* ASSIGNMENT *
Going line by line through the records below, write out everything starting with the line containing "- Warm, V neck, Long" and going on through the line containing "En conferencia de", exactly and inclusively. Pictures do not go in.

* RECORDED INFORMATION *
== Segment start ==

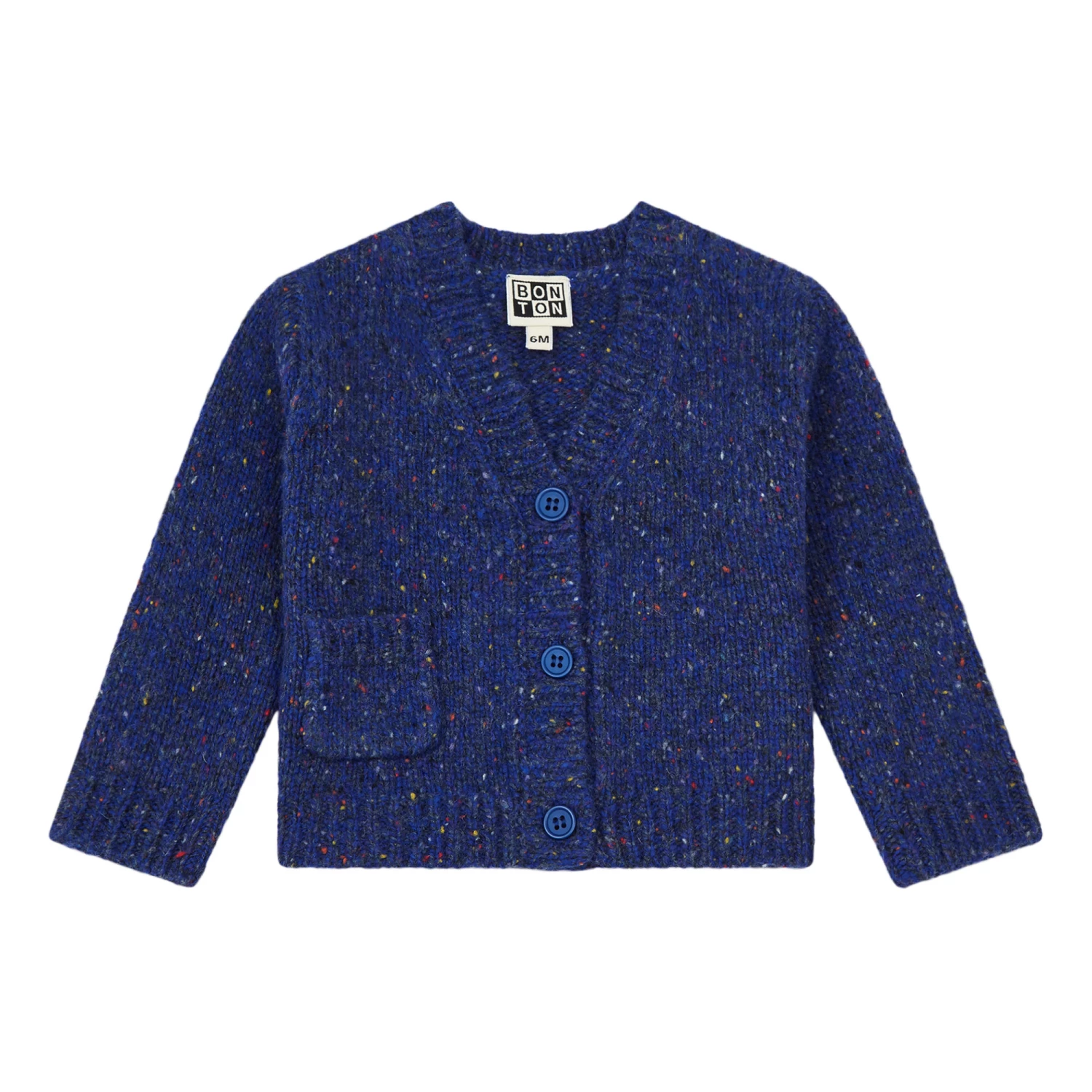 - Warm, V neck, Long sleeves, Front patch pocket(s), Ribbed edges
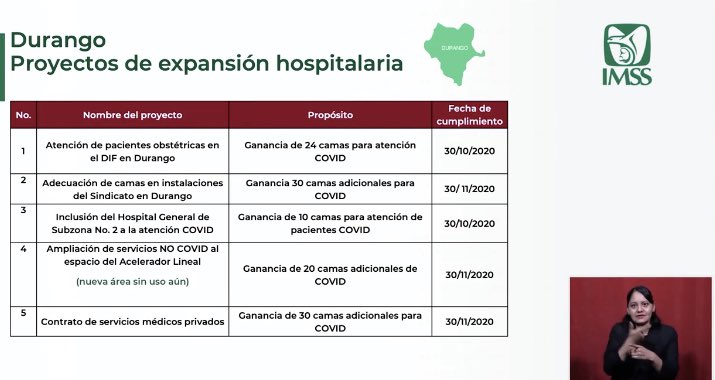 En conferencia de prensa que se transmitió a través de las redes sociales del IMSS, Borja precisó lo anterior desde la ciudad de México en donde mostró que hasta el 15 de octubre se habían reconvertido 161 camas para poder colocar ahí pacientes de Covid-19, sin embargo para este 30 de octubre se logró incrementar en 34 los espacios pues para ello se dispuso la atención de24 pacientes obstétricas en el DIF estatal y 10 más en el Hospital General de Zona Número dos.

== Segment end ==
== Segment start ==

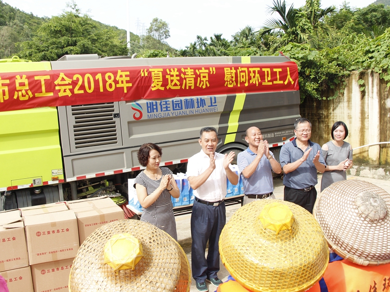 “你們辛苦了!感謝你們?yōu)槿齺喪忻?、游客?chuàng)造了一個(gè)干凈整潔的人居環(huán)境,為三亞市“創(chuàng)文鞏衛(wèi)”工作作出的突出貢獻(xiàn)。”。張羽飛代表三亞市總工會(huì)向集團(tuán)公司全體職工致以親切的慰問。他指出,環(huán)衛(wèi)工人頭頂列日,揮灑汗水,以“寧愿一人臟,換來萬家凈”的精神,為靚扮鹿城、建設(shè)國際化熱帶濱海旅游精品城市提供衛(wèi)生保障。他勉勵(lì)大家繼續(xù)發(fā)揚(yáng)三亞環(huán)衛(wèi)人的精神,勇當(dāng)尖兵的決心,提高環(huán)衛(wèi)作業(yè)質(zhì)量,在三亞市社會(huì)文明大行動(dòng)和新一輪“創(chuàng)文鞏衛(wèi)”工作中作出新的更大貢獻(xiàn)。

== Segment end ==

* ANSWER SPACE *
 - Warm, V neck, Long sleeves, Front patch pocket(s), Ribbed edges
 En conferencia de prensa que se transmitió a través de las redes sociales del IMSS, Borja precisó lo anterior desde la ciudad de México en donde mostró que hasta el 15 de octubre se habían reconvertido 161 camas para poder colocar ahí pacientes de Covid-19, sin embargo para este 30 de octubre se logró incrementar en 34 los espacios pues para ello se dispuso la atención de24 pacientes obstétricas en el DIF estatal y 10 más en el Hospital General de Zona Número dos.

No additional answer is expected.